Durante anos realizamos passeatas, distribuição de informativos e lacinhos (que simbolizam o engajamento na campanha), palestras, ações de mídia e oficinas reflexivas. Percebi que a estratégia de comunicação de homem para homem é muito satisfatória, principalmente dirigida a adolescentes que ainda não incorporaram o papel tradicional em relacionamentos permanentes, e necessária para, junto de outras iniciativas, eliminar uma das maiores mazelas de nossa sociedade.
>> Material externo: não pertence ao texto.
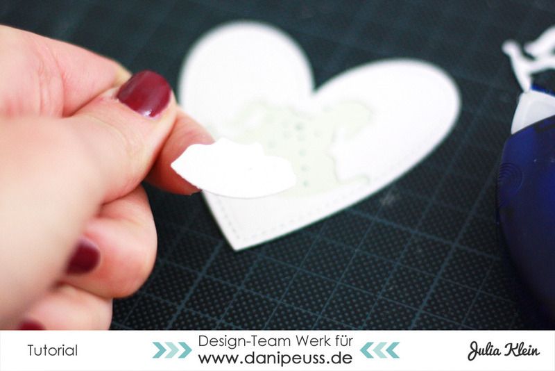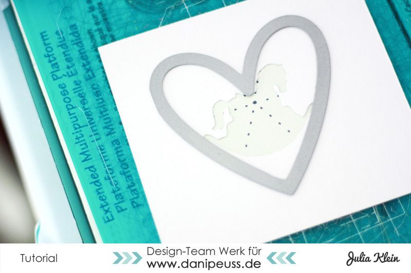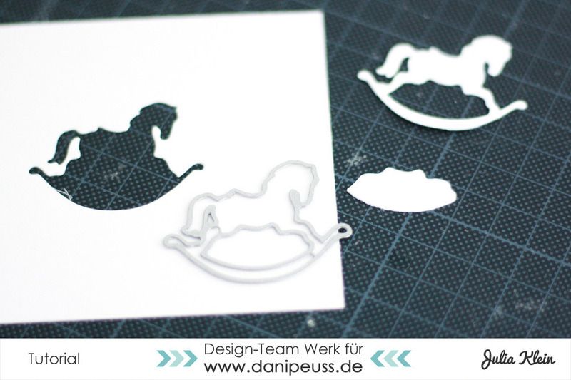 Von hinten habe ich dann gemustertes Papier angeklebt, sodass die Fläche des ausgestanzten Schaukelpferdes bedeckt ist und man nicht mehr durchschauen kann. Darauf kommt dann das Herz und ihr seht schon das es sehr knapp ist mit der Ausstanzung. Aber es funktioniert. Wenn ihr unsicher seid, ob alles an Ort und Stelle bleibt, nehmt einfach ein kleines Stückchen

Devemos falar a outros homens que é inaceitável cometer essa violência e que os relacionamentos podem ser de outra forma, melhor; afirmar que as mulheres não são nossas posses ou inferiores, que a verdadeira força/honra está em não usar violência para resolver conflitos ou se afirmar como homem/macho; ela (a honra) está em aceitar alguma dor e sofrimentos pelo fim do relacionamento, por exemplo, ou situações adversas da vida sem tentar compensar ou aliviar com a violência. Não perpetuar esse mal é algo realmente significativo/digno para fazermos nesse momento limitante. Não seja autor dessa violência e não permita que ela ocorra.